DIRECTIONS FOR THIS TASK:
Images are not part of the copy; transcribe all the data exactly.

RECORDED DATA:
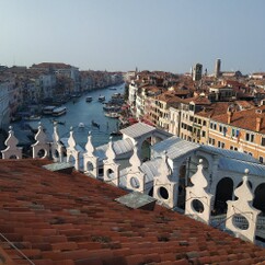 Nel mio secondo giorno a Venezia volevo concentrare la mia visita sulla zona circostante il Ponte di Rialto, così, di mattina abbastanza presto, ho deciso di raggiungere tale luogo in vaporetto, approfittando anche della tranquillità del momento storico, per godermi il paesaggio.
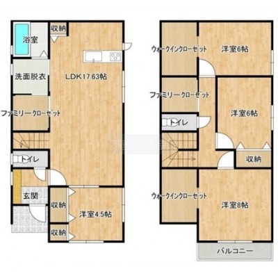 4LDK(107.65m²)└ LDK17.63帖 洋室4.5帖 洋室8帖 洋室6帖 洋室6帖
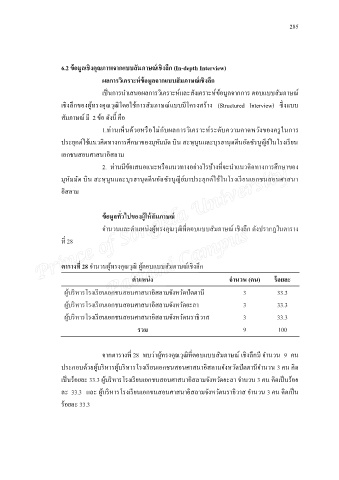 จากตารางท 28 พบว่าผู้ทรงคณวุฒทตอบแบบสัมภาษณ เชงลกม จํานวน 9 คน

FINISHED EXERCISE:
 Nel mio secondo giorno a Venezia volevo concentrare la mia visita sulla zona circostante il Ponte di Rialto, così, di mattina abbastanza presto, ho deciso di raggiungere tale luogo in vaporetto, approfittando anche della tranquillità del momento storico, per godermi il paesaggio.
 4LDK(107.65m²)└ LDK17.63帖 洋室4.5帖 洋室8帖 洋室6帖 洋室6帖
 จากตารางท 28 พบว่าผู้ทรงคณวุฒทตอบแบบสัมภาษณ เชงลกม จํานวน 9 คน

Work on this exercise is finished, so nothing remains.